On the other hand, buying a single share of Meta may not be the most cost-effective way to invest in the stock market. The current market price for a single share of Meta may be too high for some investors, and you may be subject to high commissions and fees for a small investment.
If you’re interested in investing in Meta but don’t want to buy a full share, fractional shares or exchange-traded funds (ETFs) may be a better option. These investment vehicles allow you to invest in Meta with smaller amounts of money and may offer lower fees and expenses than individual shares.
Ultimately, whether buying one share of Meta is worth it depends on your investment goals and risk tolerance. It’s always a good idea to consult with a financial adviser and do your research before making any investment decisions.
If you buy Meta stock today, you become a part-owner of the company, which means you can make money if the company grows and does well. As an owner, you can also have a say in some company decisions and might get extra money called dividends if the company chooses to distribute them.
There’s always some risk in investing in stocks, and Meta’s stock price can change due to factors like the company’s performance or market conditions. So, you could lose money if the stock price drops.
But if Meta keeps growing and doing well, your investment may become more valuable.
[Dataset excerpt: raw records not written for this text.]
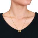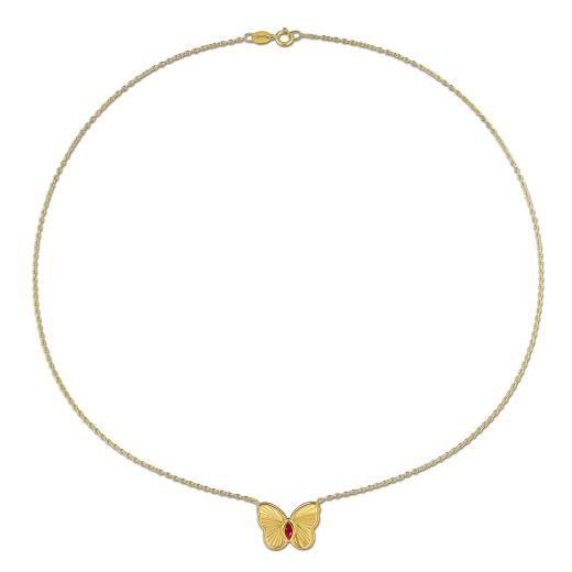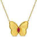 Add a touch of whimsy to your ensemble with this charming 1/5ct TGW Marquise-Cut Created Ruby Butterfly Necklace, elegantly crafted in Yellow Plated Sterling Silver. The intricate butterfly pendant, adorned with vibrant created ruby stones, exudes a playful and feminine allure. Suspended from a 17-inch chain, this necklace is perfect for adding a pop of colour and elegance to any outfit. Embrace the timeless beauty of butterflies and the radiant glow of yellow-plated silver with this exquisite piece that effortlessly enhances your style with its delicate charm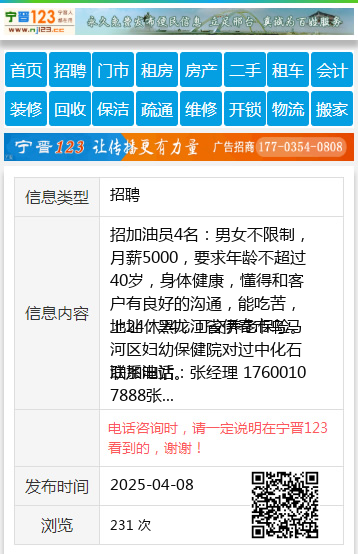 招加油员4名:男女不限制,月薪5000,要求年龄不超过40岁,身体健康,懂得和客户有良好的沟通,能吃苦,上24休24,可交养老保险。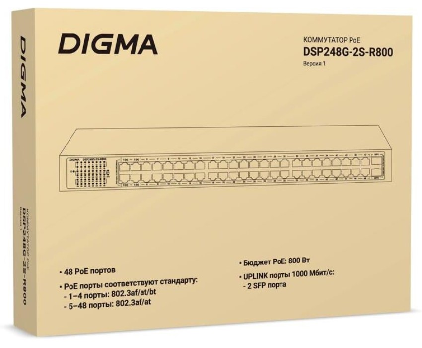 Коммутатор DIGMA Коммутатор DSP248G-2S-R800, неуправляемый [dsp248g-2s-r800 v1]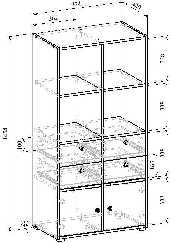 У вас много литературы или вы решили интересно обыграть интерьер, украсив его эксклюзивным декором? Отличным решением будет MAS_STE-PRAIM-42-2-VD - стеллаж комбинированный Прайм-42-2, разработанный специалистами бренда МФ Мастер в рамках коллекции «Прайм-42-2». Благодаря эргономичной форме, он займет совсем немного места, при этом вы сможете разместить в нем все необходимое (ширина стеллажа 724 мм, высота 1454 мм, глубина 420 мм). Стеллаж изготовлен из современных материалов (ЛДСП Е1) и имеет матовый корпус выигрышного оттенка (венге). Производитель предлагает за цену 9699 руб. стеллаж, в комплекте с которым идут 2 полки, 2 дверцы, 4 ящика.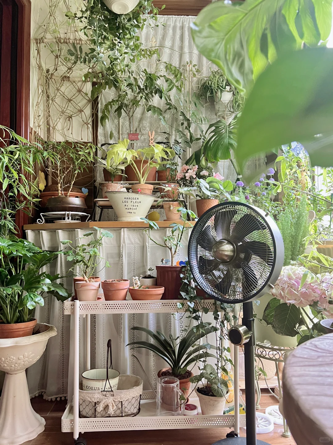 很多绿植不能强光照,搬到了室内,整个房间绿意葱葱。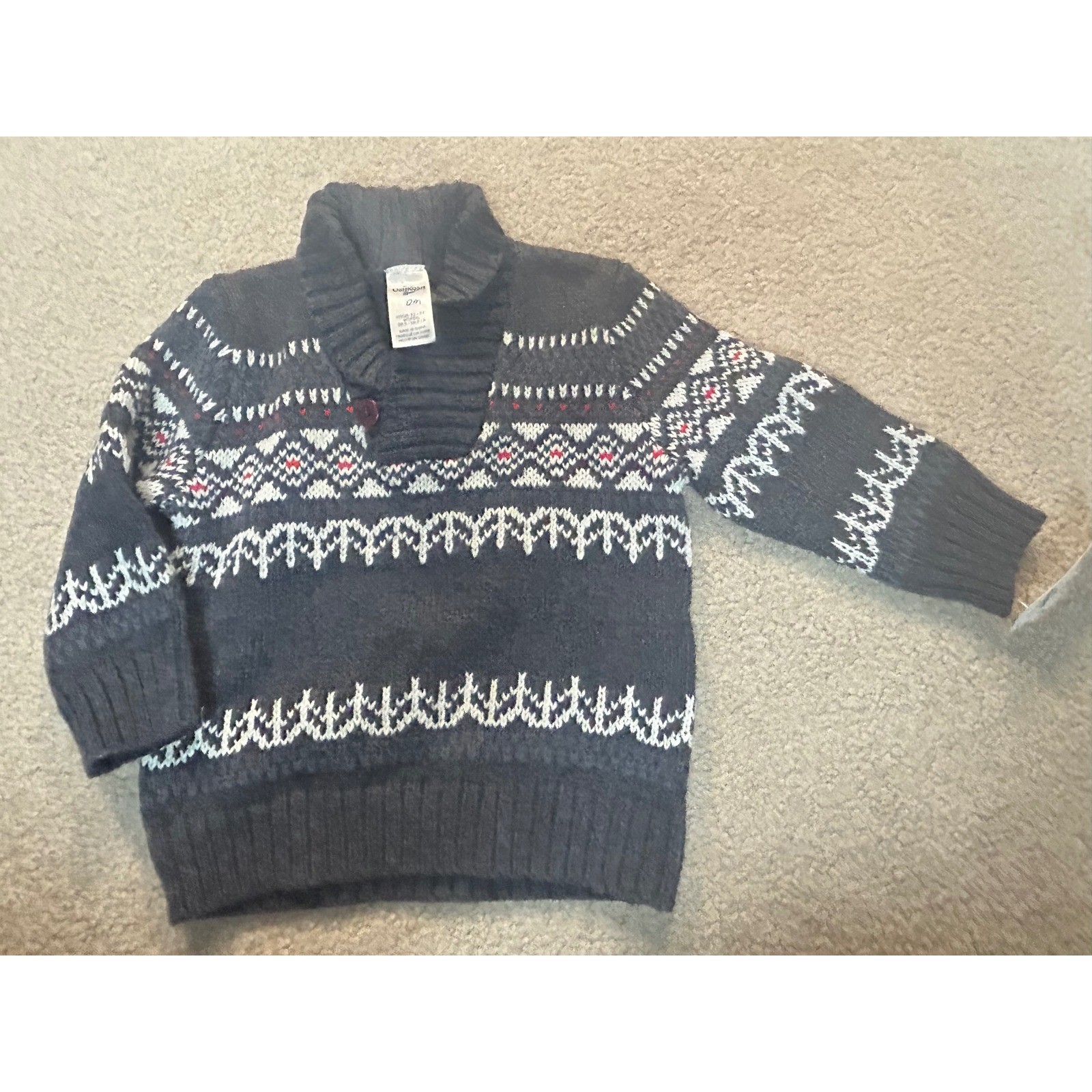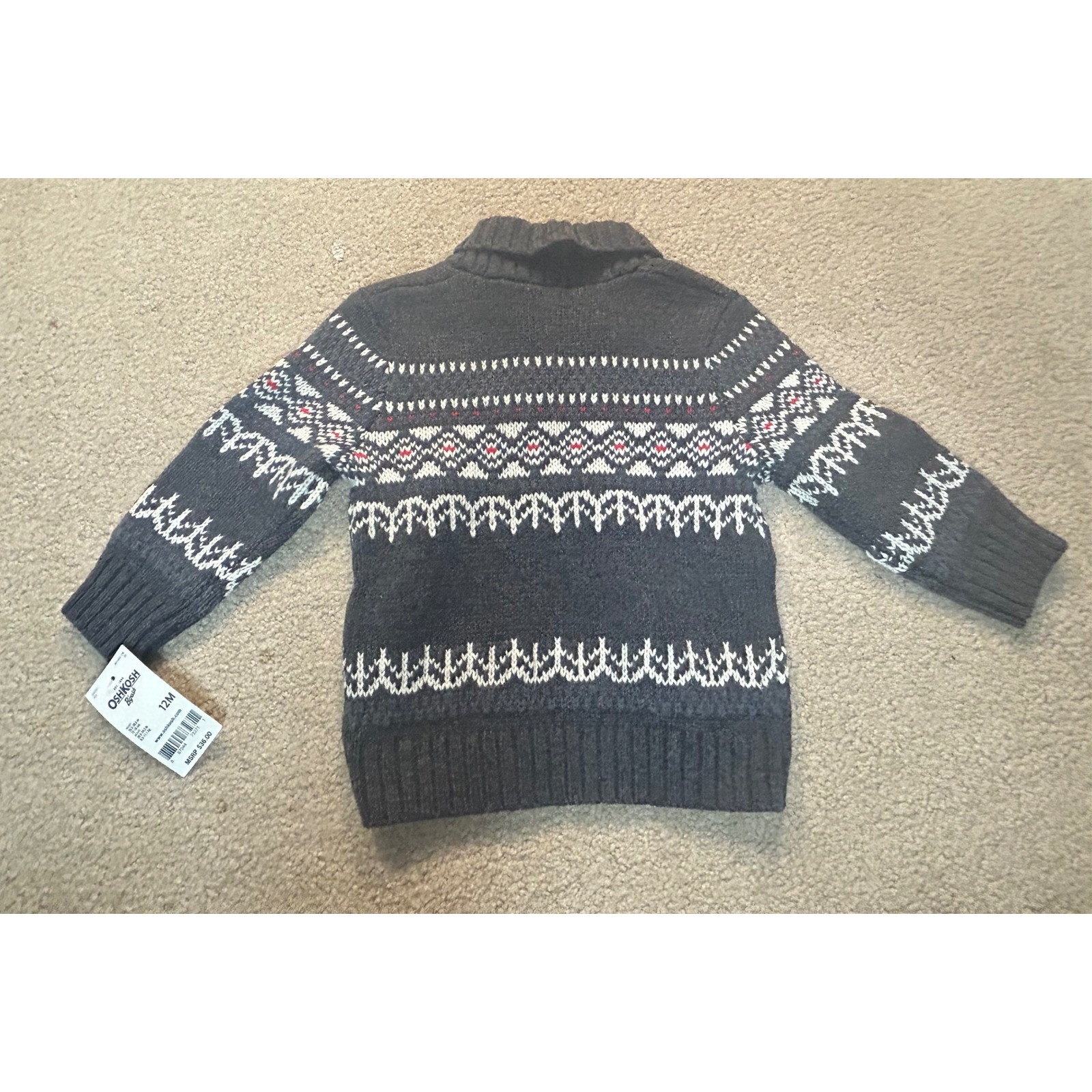 как выглядит OshKosh Bgosh Toddler Boys 12M Gray Fair Isle Shawl Collar Knit Sweater фото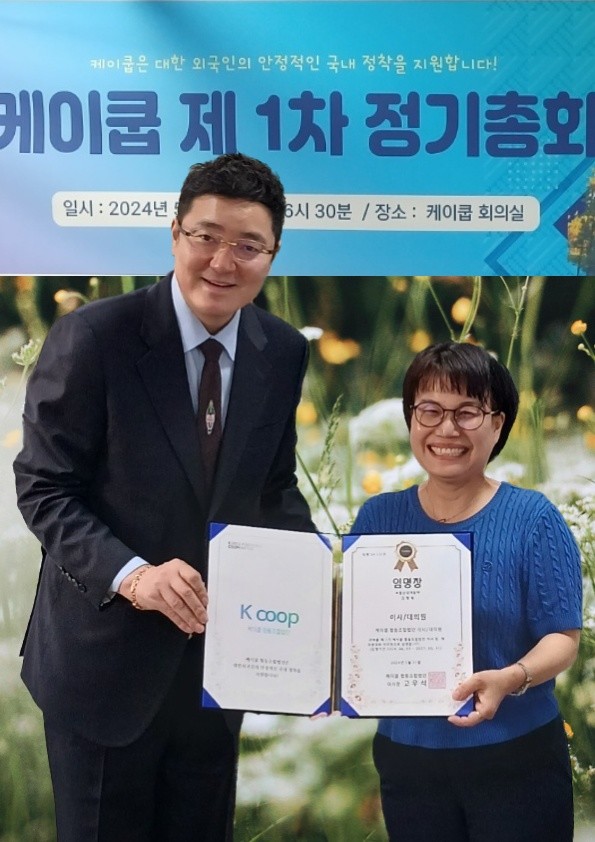 [세계타임즈]최성룡기자 = 케이쿱(대한외국인협동조합 / 이사장 고우석)은 지난 5월 31일 케이쿱 회의실에서 첫 번째 정기총회를 개최하고 임명장을 수여했다.

By monitoring the market and staying informed about Meta’s performance, you can make better decisions on when to buy or sell Meta stock, possibly increasing your returns in the long term.
Knowing when to buy Meta shares can be hard because many things can affect stock prices. Here are three tips to help you:
Remember that the best time to invest in Meta shares depends on your financial goals and risk tolerance. Be patient and stick to your plan.
The smallest number of Meta shares you can buy depends on the broker you choose. Some brokers might need you to buy at least one full share. As of September 2023, this could cost over £200.
Other brokers offer the option to buy fractional shares, letting you purchase a small part of a share instead of a whole one. This allows investors to own a stake in a company with less money. For example, if Meta’s share price is £200 and you have only £100 to invest, you could use a fractional share brokerage platform to buy 0.5 shares of Meta. This means you own half of a Meta share, and your investment is worth £100 based on the current share price.
Fractional share investing can be helpful for investors who want to own shares in companies like Meta but may not have the capital to buy a full share. However, note that some brokers may charge fees for fractional share purchases or offer the option only for specific stocks or ETFs. Research the fees and terms of any broker before using their platform for fractional share investing.
Examples of commission-free fractional share brokers in the UK are eToro, Freetrade, and Moneybox. All three platforms allow you to buy small parts of Meta shares with as little as £10.